Art Basel is back in Switzerland. Courtesy of Art Basel.

See and Do: After being cancelled last year, Art Basel is back in a new hybrid form, with digital and IRL editions welcoming 272 galleries from around the world.

The Messeplatz will have site-specific interventions by Argentina-born Cecilia Bengolea, who is staging a video and performance work in its fountain, as well as Britain’s Monster Chetwynd, whose Salvador Dalí-inspired work involves dancers in giant balloons.

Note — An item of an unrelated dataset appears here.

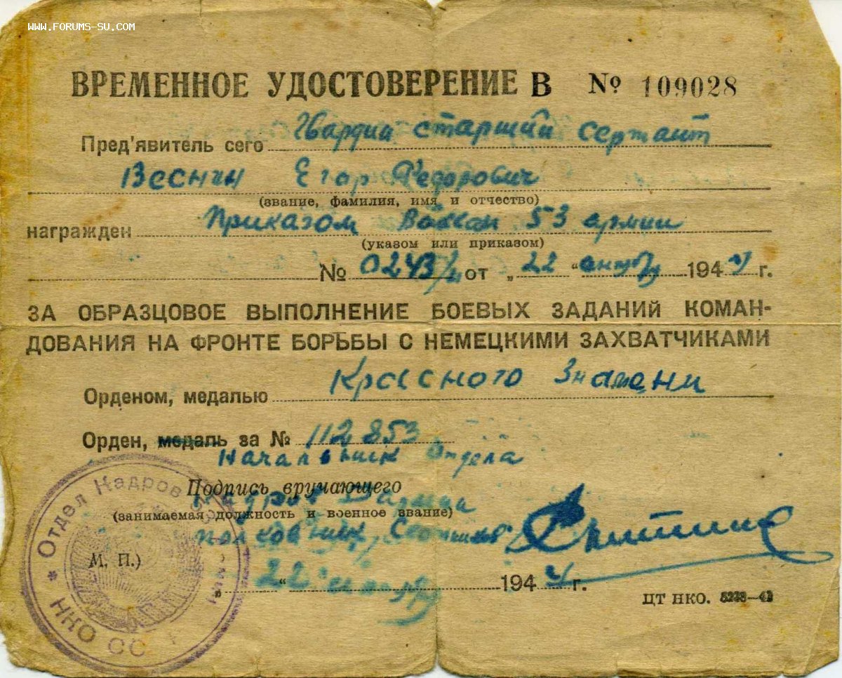 Наградной на подвиге.
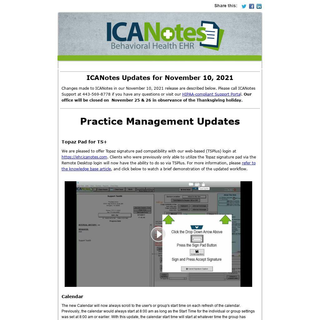 Changes made to ICANotes in our November 10, 2021 release are described below. Please call ICANotes Support at 443-569-8778 if you have any questions or visit our HIPAA-compliant Support Portal. Our office will be closed on  November 25 & 26 in observance of the Thanksgiving holiday.

Inside, Giovanni Carmine, the director of Switzerland’s Kunst Halle Sankt Gallen, has curated 62 large-scale projects, including the debut of David Hockney’s trompe lʼoeil painting Pictures at an Exhibition (2018/2021). And Samuel Leuenberger, founder of Switzerland’s non-profit art space Salts, has planted 20 site-specific installations and performance works around town.

Annika Elisabeth von Hausswolff, The Hole is a Noun #5, 2020, at Art Basel. Courtesy of the artist and Andréhn-Schiptjenko.

Of course, Basel is brimming with art—even the headquarters of Novartis and Roche have notable collections (sometimes they open for tours). The Renzo Piano-designed Fondation Beyeler—which will soon add an extension by starchitect Peter Zumthor—is now showing “Close-Up” (September 19, 2021–January 2, 2022), which includes portraits and self-portraits by nine renowned female Modernists, from Berthe Morisot to Frida Kahlo to Elizabeth Peyton.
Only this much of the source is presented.